As a flow core cytometer facility director at the University of Chicago, I buy lots of equipment—undoubtedly more than the average researcher. Based on this experience, I wanted to present some tips to avoid buyer's remorse, see through the marketing spin, and make an educated decision on which instrument to purchase. These are the same steps I go through whenever I'm in the market. The fine details may be specific to flow cytometers, but the principles are apropos to buying any sort of technology that requires an NIH grant to buy.
#1. Define your needs. What are the applications you will run on this system? How many parameters (realistically) do you run on average? How many parameters will you run in the near future? Are there any specialty dyes you run? Do you prepare samples in tubes or plates? At what event rate do you run your samples?
Example: I have some projects in mind which require 8–10 fluorescence parameters. At 3 parameters per laser, I probably need a three-laser system minimally. I like to stain/run my cells in a 96-well plate, so a plate-sampler option is needed. My experiments typically involve immunophenotyping rare subsets, so I collect 106 cells at rates of about 15,000/second. I don't need to sort.
#2. Query the end-users. If others in the lab or core facility will use the instrument, ask them the same questions as in #1.
Example: Another user in the lab does a lot of screening of her mCherry transfected cell lines. She doesn't collect a lot of cells, but screens many samples. She would require a yellow/green laser for excitation, and fast 96-well sampling capabilities.
#3. Refine your needs. Combining the information you learn from steps 1 and 2, you should be able to refine the needs for this instrument. Annotating this list, and possibly triaging needs and wants will be very helpful at this point. Of course you are working within a budget, so you'll certainly want to keep that in mind as you survey the market.
#4. Survey the market. You probably already have an idea of the "big" players in the market, but even if you didn't, simply typing the query "flow cytometer" in your browser brings up nine different instrument manufacturers within the first two pages of a Google search. You can follow these links, collecting information on the various instruments. For something like this, I like to use an electronic note-taking application such as Evernote to keep everything together, and make notes as I go through the process. For those web sites where information and materials are not easily accessible, sending an email to a local sales representative will get you all the marketing materials you could ever ask for.

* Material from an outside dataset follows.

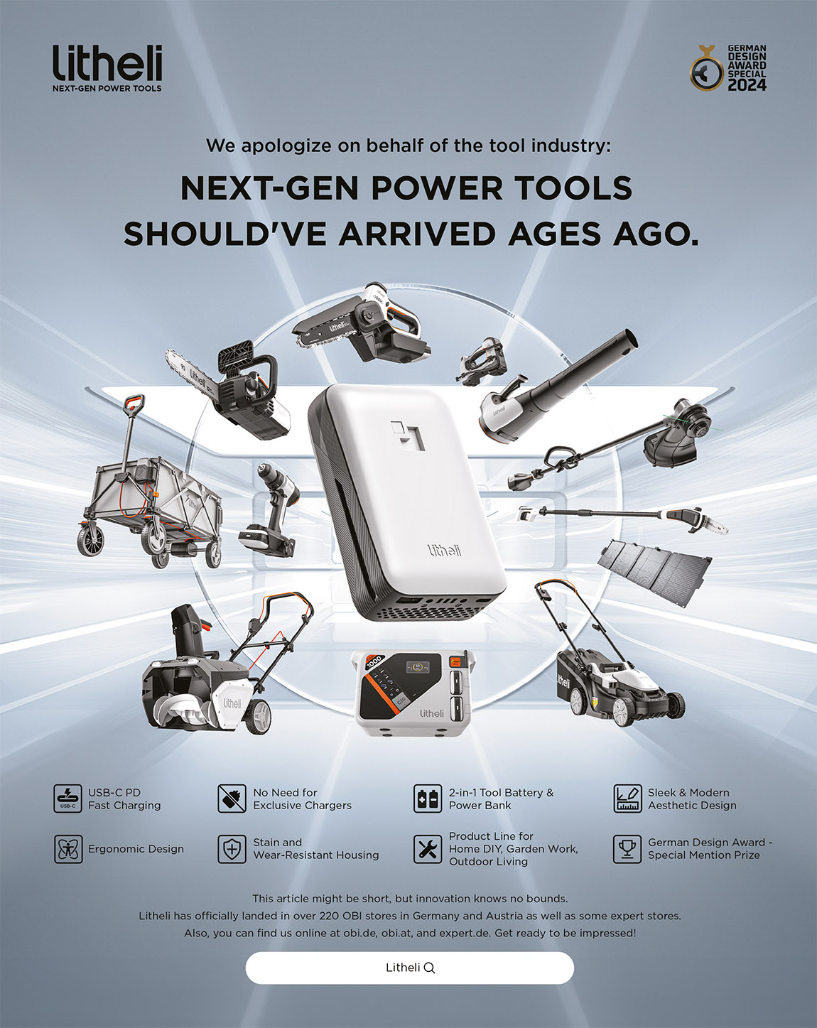 Das IPS-Modell erhielt viel Lob und Aufmerksamkeit auf der Eisenwarenmesse 2024 in Köln und wurde beim German Design Award 2024 für seine perfekte Mischung von innovativem Design und Funktionalität mit einer besonderen Erwähnung ausgezeichnet: „Die U-Battery (auch bekannt als IPS SUPER BATTERY) im Litheli Infinity Power Share Konzept verändert das Verhältnis von Akku und Werkzeuggerät komplett“, urteilte die Jury. Bevorzugt geladen mit erneuerbarem Strom, dient die U-Battery entweder als Powerbank oder versorgt eine Vielzahl von Geräten in Haushalt, Werkstatt und Garten.
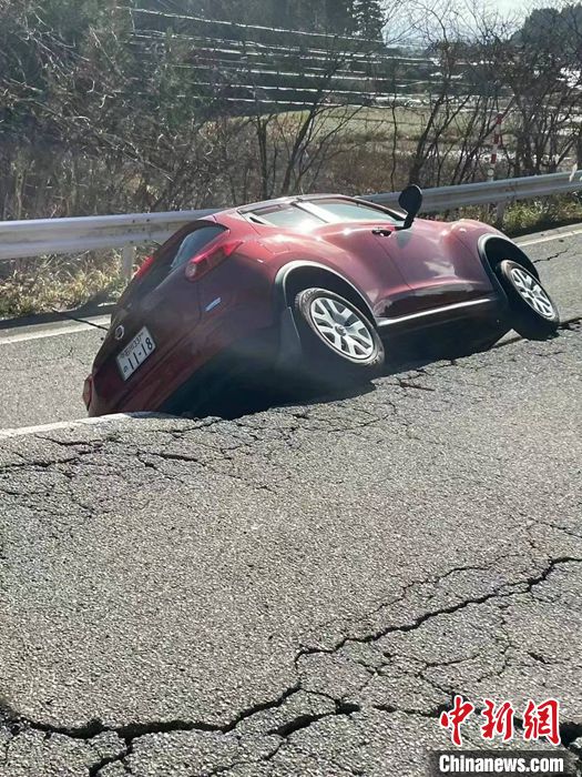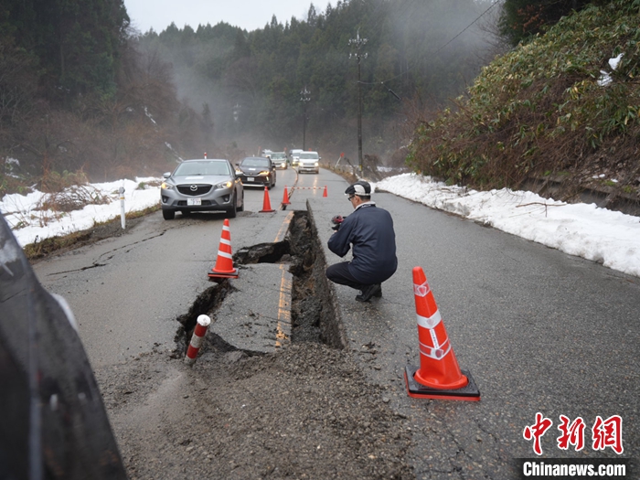 圖為1月3日石川縣輪島市周邊,地震導(dǎo)致道路損壞。 中新社發(fā) 劉勇 攝

#5. Learn how to read marketing materials. Speaking of marketing materials, there are a few things you should be aware of. Beyond the very basics (lasers available, number of detectors, etc...), much of what you see in your average cytometer specification sheet is useless information. It's basically a list of values for meaningless metrics that MUST be put into the materials to match what the competition is stating—for example, the ever-present detection threshold of FITC and PE. Most all spec sheets will include something like an MESF Detection Threshold of <150 for FITC and <100 for PE. This means absolutely nothing in terms of how well the system will work for your applications let alone how other colors will fair. You'll also see outrageous specifications for event rates, like 100,000 events per second! Lastly, and probably my favorite, is the panel of histograms showing the resolution of multi-intensity hard-dyed beads (e.g., 8-peak Spherotech beads). You can pretty much ignore all this information, and focus on the things that matter. How many lasers? How many detectors? Can you upgrade the system in the field with more lasers/detectors? Is there a multi-well sampler? And, so on.